DIRECTIONS - Output the entries below unchanged, except for the pictures.

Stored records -
>>

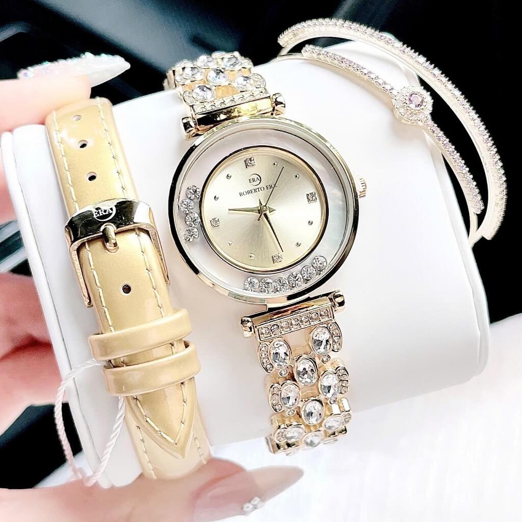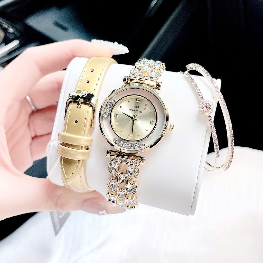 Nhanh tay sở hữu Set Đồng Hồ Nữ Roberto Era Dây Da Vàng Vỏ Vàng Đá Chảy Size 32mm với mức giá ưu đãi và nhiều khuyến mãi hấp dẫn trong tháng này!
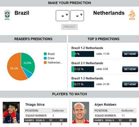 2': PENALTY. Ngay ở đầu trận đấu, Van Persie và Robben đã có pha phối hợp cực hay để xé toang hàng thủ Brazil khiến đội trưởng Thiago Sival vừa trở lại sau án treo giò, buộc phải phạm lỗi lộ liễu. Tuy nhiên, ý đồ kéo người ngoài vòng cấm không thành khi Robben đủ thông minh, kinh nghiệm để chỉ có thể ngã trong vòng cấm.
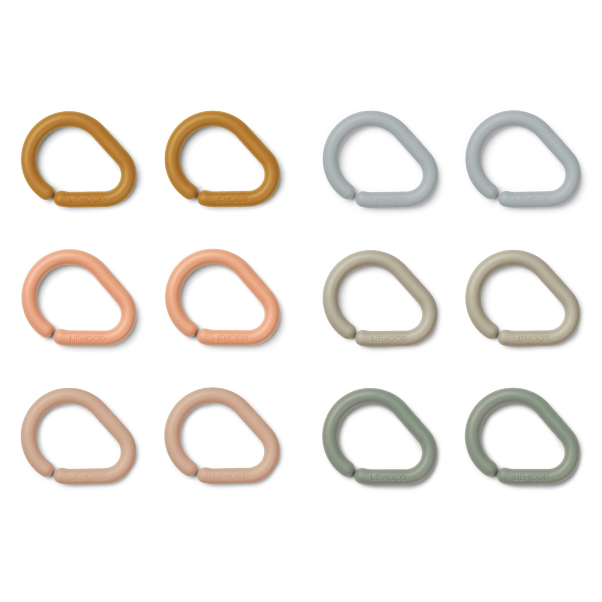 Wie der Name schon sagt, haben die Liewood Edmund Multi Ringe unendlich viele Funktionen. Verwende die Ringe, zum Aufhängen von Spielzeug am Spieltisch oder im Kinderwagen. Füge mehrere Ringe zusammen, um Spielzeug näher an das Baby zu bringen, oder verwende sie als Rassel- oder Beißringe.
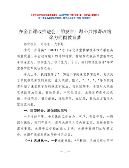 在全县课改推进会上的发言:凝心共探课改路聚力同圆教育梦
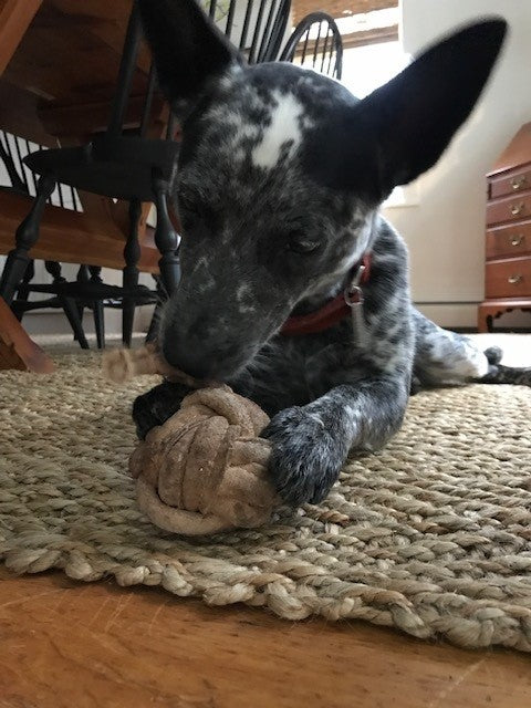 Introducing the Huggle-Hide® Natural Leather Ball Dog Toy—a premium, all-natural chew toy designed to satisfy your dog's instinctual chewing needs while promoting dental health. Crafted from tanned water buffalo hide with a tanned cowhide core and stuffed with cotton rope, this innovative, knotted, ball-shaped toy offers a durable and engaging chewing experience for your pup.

<<

REPLY -
 Nhanh tay sở hữu Set Đồng Hồ Nữ Roberto Era Dây Da Vàng Vỏ Vàng Đá Chảy Size 32mm với mức giá ưu đãi và nhiều khuyến mãi hấp dẫn trong tháng này!
 2': PENALTY. Ngay ở đầu trận đấu, Van Persie và Robben đã có pha phối hợp cực hay để xé toang hàng thủ Brazil khiến đội trưởng Thiago Sival vừa trở lại sau án treo giò, buộc phải phạm lỗi lộ liễu. Tuy nhiên, ý đồ kéo người ngoài vòng cấm không thành khi Robben đủ thông minh, kinh nghiệm để chỉ có thể ngã trong vòng cấm.
 Wie der Name schon sagt, haben die Liewood Edmund Multi Ringe unendlich viele Funktionen. Verwende die Ringe, zum Aufhängen von Spielzeug am Spieltisch oder im Kinderwagen. Füge mehrere Ringe zusammen, um Spielzeug näher an das Baby zu bringen, oder verwende sie als Rassel- oder Beißringe.
 在全县课改推进会上的发言:凝心共探课改路聚力同圆教育梦
 Introducing the Huggle-Hide® Natural Leather Ball Dog Toy—a premium, all-natural chew toy designed to satisfy your dog's instinctual chewing needs while promoting dental health. Crafted from tanned water buffalo hide with a tanned cowhide core and stuffed with cotton rope, this innovative, knotted, ball-shaped toy offers a durable and engaging chewing experience for your pup.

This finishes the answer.